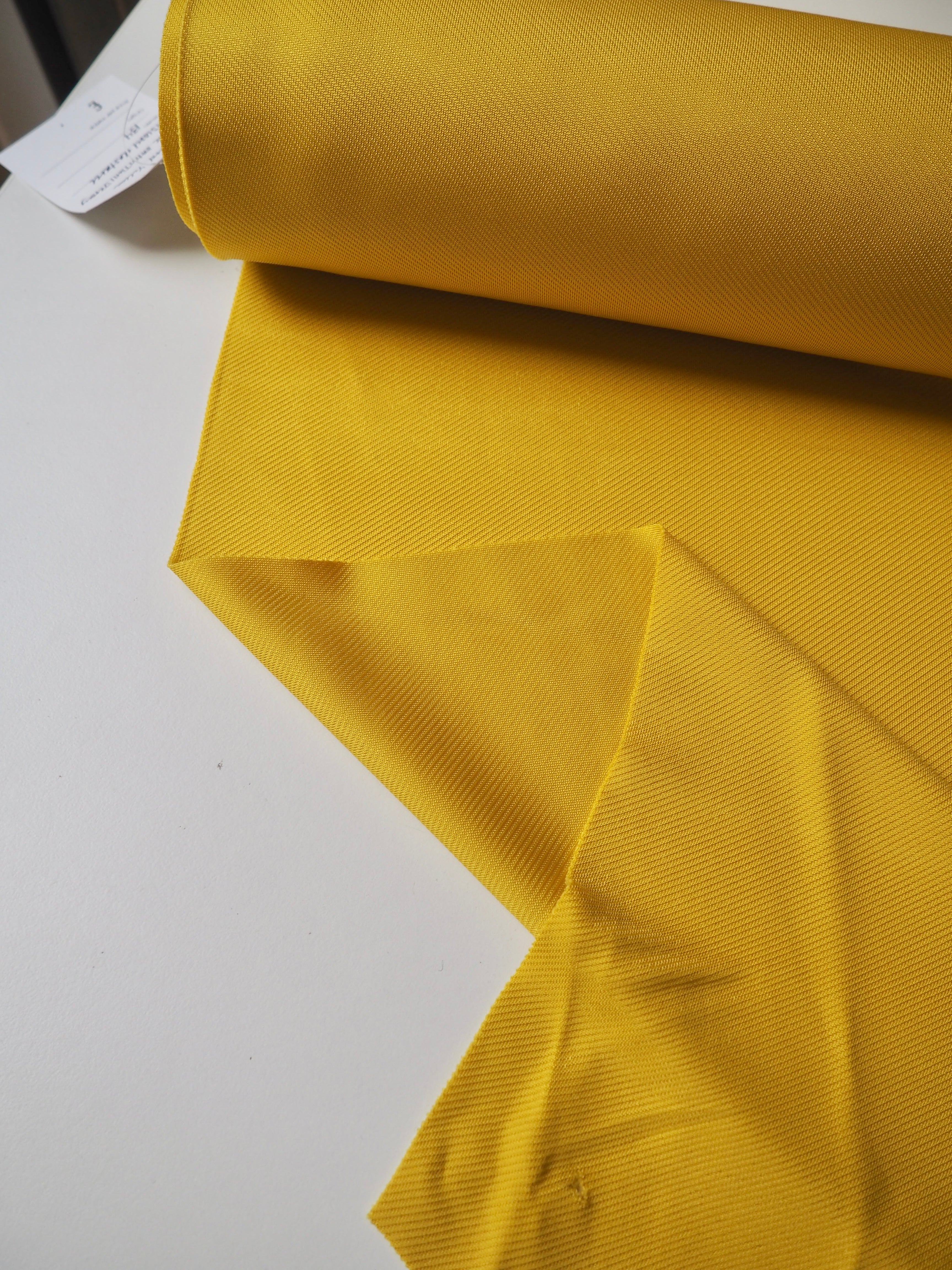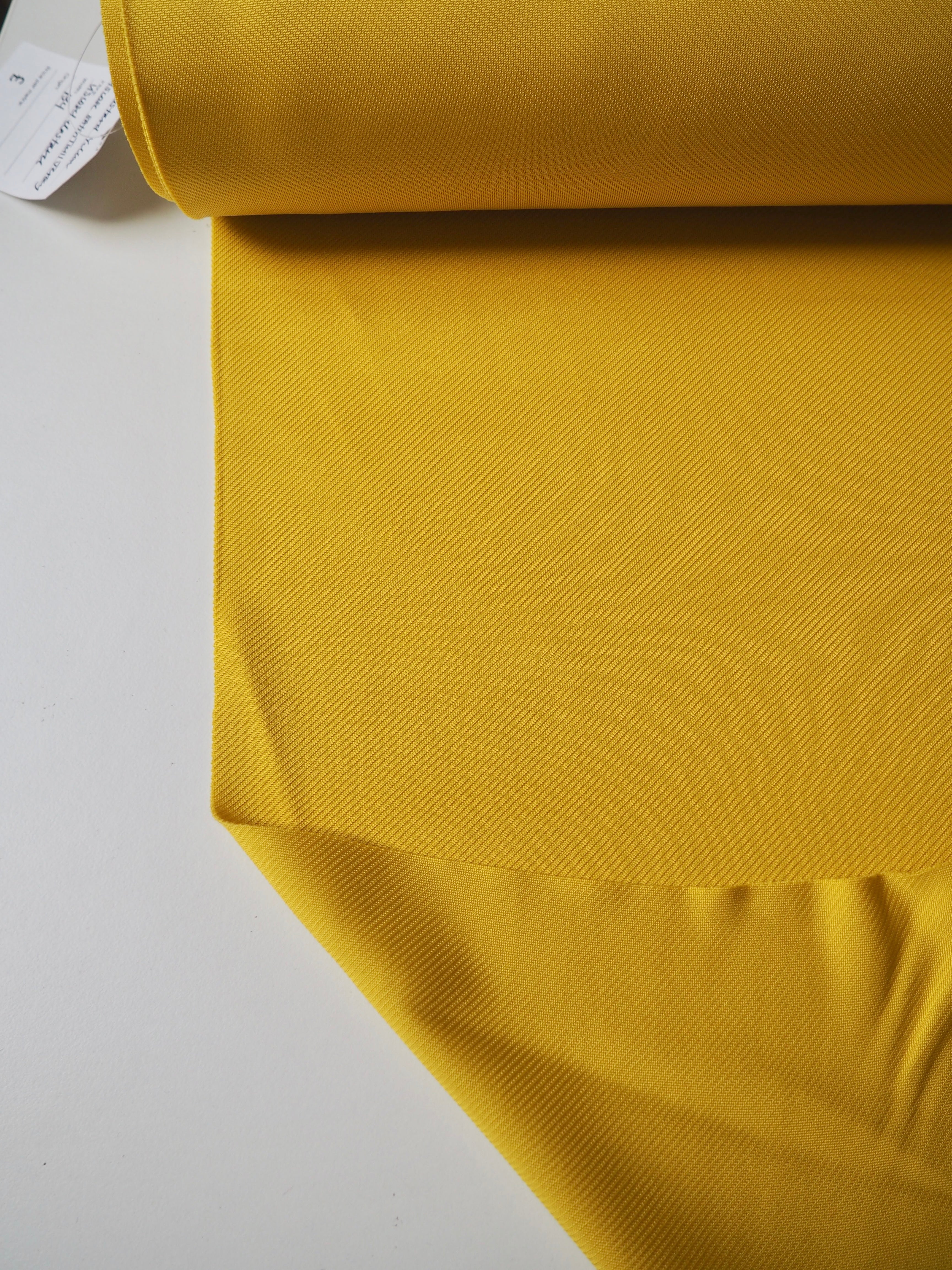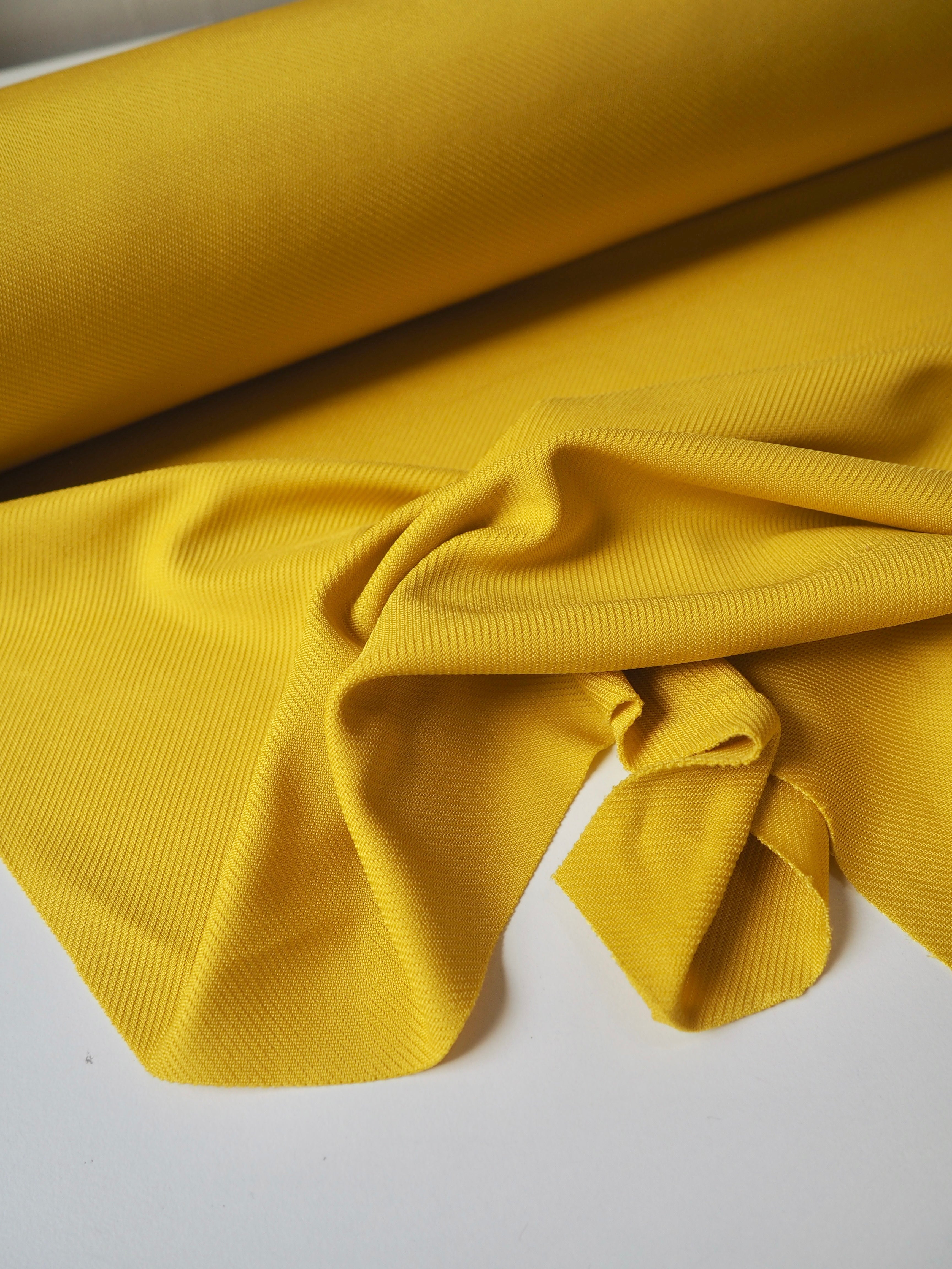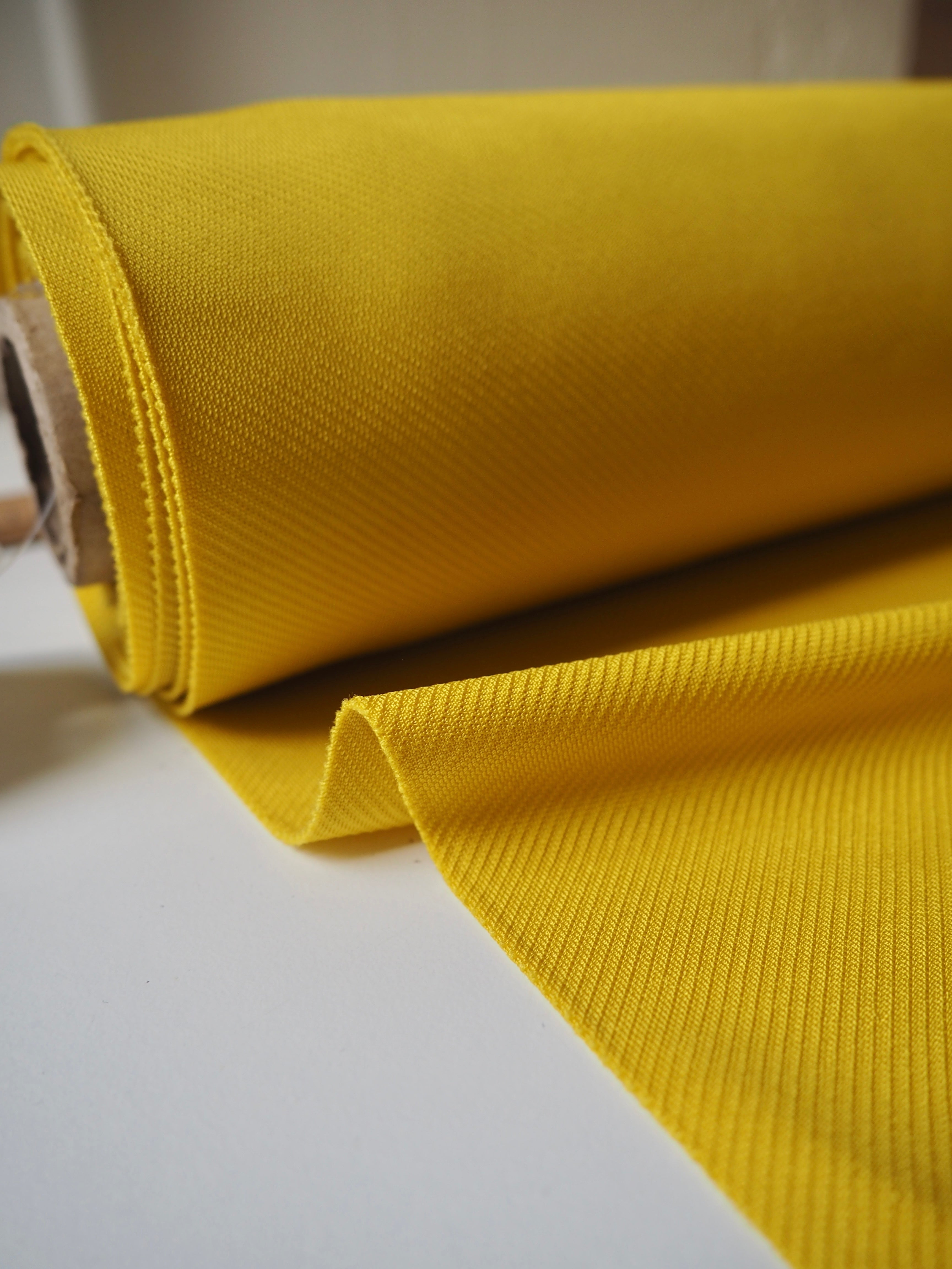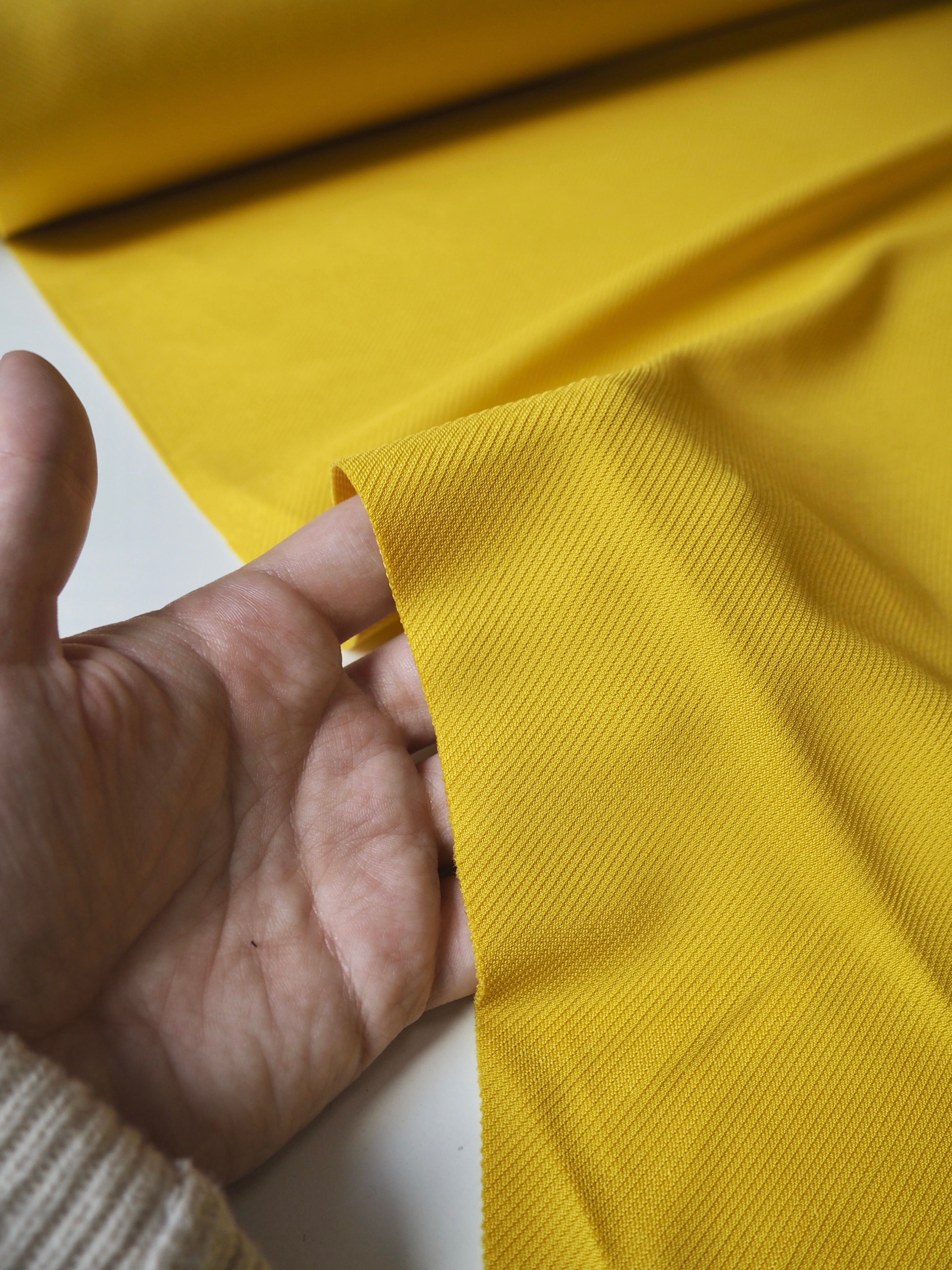 This ex-designer fabric is a jersey. It has a twill knit structure, which gives it an interesting texture and enhanced sheen. Completely opaque, quite slinky, with a lovely finish. Has a great drape and approximately 20% width-ways stretch, and slight length ways stretch. Perfect for an elevated basic!
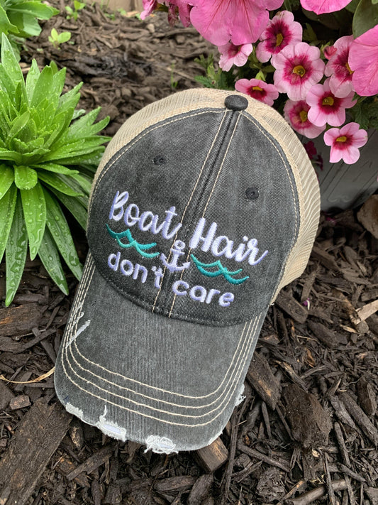 Boat hats Boat hair dont care Black embroidered trucker cap Adjustable mesh back
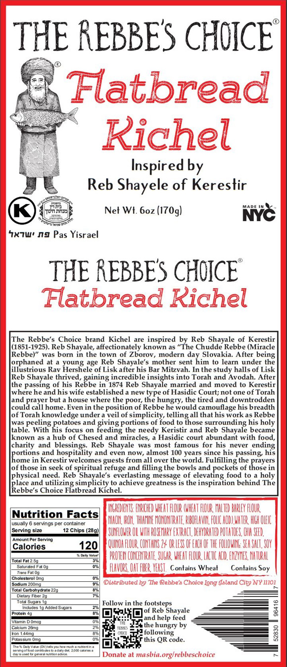 The label on the kichel includes an appeal to follow in the footsteps of Reb Shayele and help feed the needy by donating to the Masbia Soup Kitchen Network via this dedicated webpage: www.masbia.org/rebbeschoice.
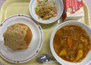 ひとこと:今日は、学芸会児童鑑賞日です。とても緊張していましたが、堂々と演技していました。明日も頑張りましょうね。今日の給食は、カレー味のミートドックです。スープは具だくさんで体が温まります。ホッとしますね。味わって残さず食べてくださいね。

◇ ◇ ◇ ◇ ◇ ◇ ◇

Task prompt: Set down the data above verbatim, omitting every image.

Output for this task:
 This ex-designer fabric is a jersey. It has a twill knit structure, which gives it an interesting texture and enhanced sheen. Completely opaque, quite slinky, with a lovely finish. Has a great drape and approximately 20% width-ways stretch, and slight length ways stretch. Perfect for an elevated basic!
 Boat hats Boat hair dont care Black embroidered trucker cap Adjustable mesh back
 The label on the kichel includes an appeal to follow in the footsteps of Reb Shayele and help feed the needy by donating to the Masbia Soup Kitchen Network via this dedicated webpage: www.masbia.org/rebbeschoice.
 ひとこと:今日は、学芸会児童鑑賞日です。とても緊張していましたが、堂々と演技していました。明日も頑張りましょうね。今日の給食は、カレー味のミートドックです。スープは具だくさんで体が温まります。ホッとしますね。味わって残さず食べてくださいね。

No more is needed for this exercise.